A Haystack Full of Needles: Scalable Detection of IoT Devices in the Wild

Coordinator: Said Jawad Saidi

The number of IoT devices deployed within homes is increasing rapidly. It is estimated that the IoT population will increase to 20 billion by 2025. Such devices include virtual assistants, cameras, TVs, and smart home control devices. While users deploy some IoT devices explicitly, they are often unaware of the security threats and privacy consequences of using such devices. There have been notable large-scale, coordinated global attacks disrupting
large service providers. In the Mirai DDoS attack, a record-breaking attack that crippled parts of the Internet, vulnerable IP cameras were exploited as the primary weapons to launch the attack. Thus, major Internet Service Providers (ISPs) are developing strategies for dealing with the large-scale attacks from these devices. An important first step for an ISP to address the risks posed by these devices is to identify and locate these devices in the
network. While some limited solutions exist, ISPs have to overcome multiple challenges to perform efficient and accurate device discovery in a large network with millions of subscribers and 100TB+ of daily traffic. Fortunately, many ISPs already collect sampled flow statistics for their other operational purposes. A key question is whether device discovery can be done by ISPs that have access to only sampled flow data. In this project, we develop and evaluate a scalable methodology to accurately detect and monitor IoT devices at subscriber lines with limited, sparsely sampled data in-the-wild. In our methodology, we studied the destinations and the Internet infrastructure supporting the IoT devices and generated traffic signatures that can be used to identify IoT devices hosted by a subscriber in a service provider. Our findings summarised in [1] indicate that millions of IoT devices are detectable and identifiable within hours, both at a major ISP as well as an IXP, using passive, sparsely sampled network flow headers.

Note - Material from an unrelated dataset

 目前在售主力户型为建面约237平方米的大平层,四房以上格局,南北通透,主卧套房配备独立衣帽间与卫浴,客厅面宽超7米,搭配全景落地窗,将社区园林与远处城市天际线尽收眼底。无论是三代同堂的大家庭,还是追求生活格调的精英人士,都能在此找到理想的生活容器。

Our methodology is able to detect devices from more than 77% of the studied IoT manufacturers, including popular devices such as smart speakers. While our methodology is effective for providing network analytics, it also highlights significant privacy consequences.


[1] S. J. Saidi, A. M. Mandalari, R. Kolcun, H. Haddadi, D. J. Dubois, D. Choffnes, G. Smaragdakis and A. Feldmann. A haystack full of needles: Scalable detection of IoT devices in the wild. In IMC’20, 20th ACM Internet Measurement Conference, Virtual Event, USA, 2020, pp. 87–100. ACM.